WORK TASK.
From the first line to the last, copy the material exactly and leave the pictures out.

DATA BLOCK.
::::::

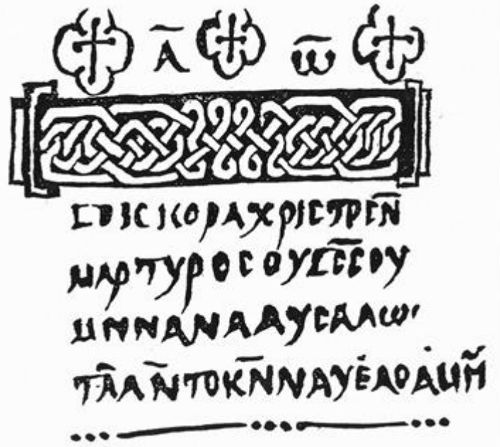
Nubische Schrift In: Shinnie, P.L. 1996:127

Aus aktuellem Anlass ist es sinnvoll, daran zu erinnern, dass das Christentum ursprünglich nicht in der westlichen Welt entstand, sondern dass sich seine Ausbreitung von Palästina aus nach Asien, Europa und auch nach Afrika hin vollzogen hat. Dafür sind sowohl Ägypten als auch Nordafrika, Äthiopien und Nubien mit ihren jeweiligen Kirchen als sprechende Beispiele zu nennen. Der Fokus in diesem Artikel liegt auf der Kirche, die im mittleren Niltal, zwischen dem ersten und sechsten Katarakt, den wir heute Nubien nennen, entstand. Zu oft wurde in der Vergangenheit vergessen, dass sich ab dem 6. Jh. n.Chr. in Nubien eine blühende Kirche entwickelte, die viele Jahrhunderte Bestand hatte und erst zu Beginn des 14. Jh. n.Chr. durch die islamische Eroberung Nubiens einen graduellen Niedergang erlebte.
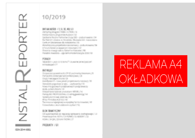
1 strona okładkowa obok spisu treści: na spad 207x297 mm Cena: 2500 zł + VAT
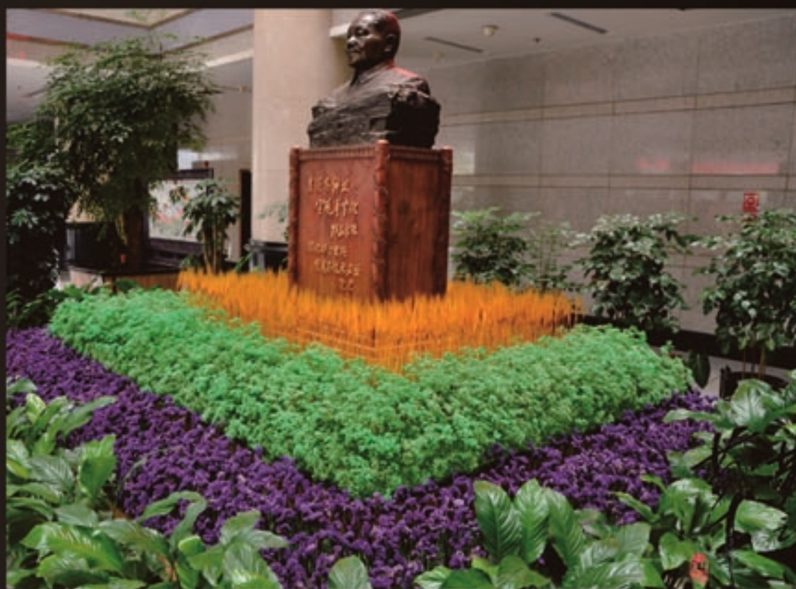
适用于学校、博物馆等场所的室内造景

::::::

ANSWER BOX.
Nubische Schrift In: Shinnie, P.L. 1996:127

Aus aktuellem Anlass ist es sinnvoll, daran zu erinnern, dass das Christentum ursprünglich nicht in der westlichen Welt entstand, sondern dass sich seine Ausbreitung von Palästina aus nach Asien, Europa und auch nach Afrika hin vollzogen hat. Dafür sind sowohl Ägypten als auch Nordafrika, Äthiopien und Nubien mit ihren jeweiligen Kirchen als sprechende Beispiele zu nennen. Der Fokus in diesem Artikel liegt auf der Kirche, die im mittleren Niltal, zwischen dem ersten und sechsten Katarakt, den wir heute Nubien nennen, entstand. Zu oft wurde in der Vergangenheit vergessen, dass sich ab dem 6. Jh. n.Chr. in Nubien eine blühende Kirche entwickelte, die viele Jahrhunderte Bestand hatte und erst zu Beginn des 14. Jh. n.Chr. durch die islamische Eroberung Nubiens einen graduellen Niedergang erlebte.
1 strona okładkowa obok spisu treści: na spad 207x297 mm Cena: 2500 zł + VAT
适用于学校、博物馆等场所的室内造景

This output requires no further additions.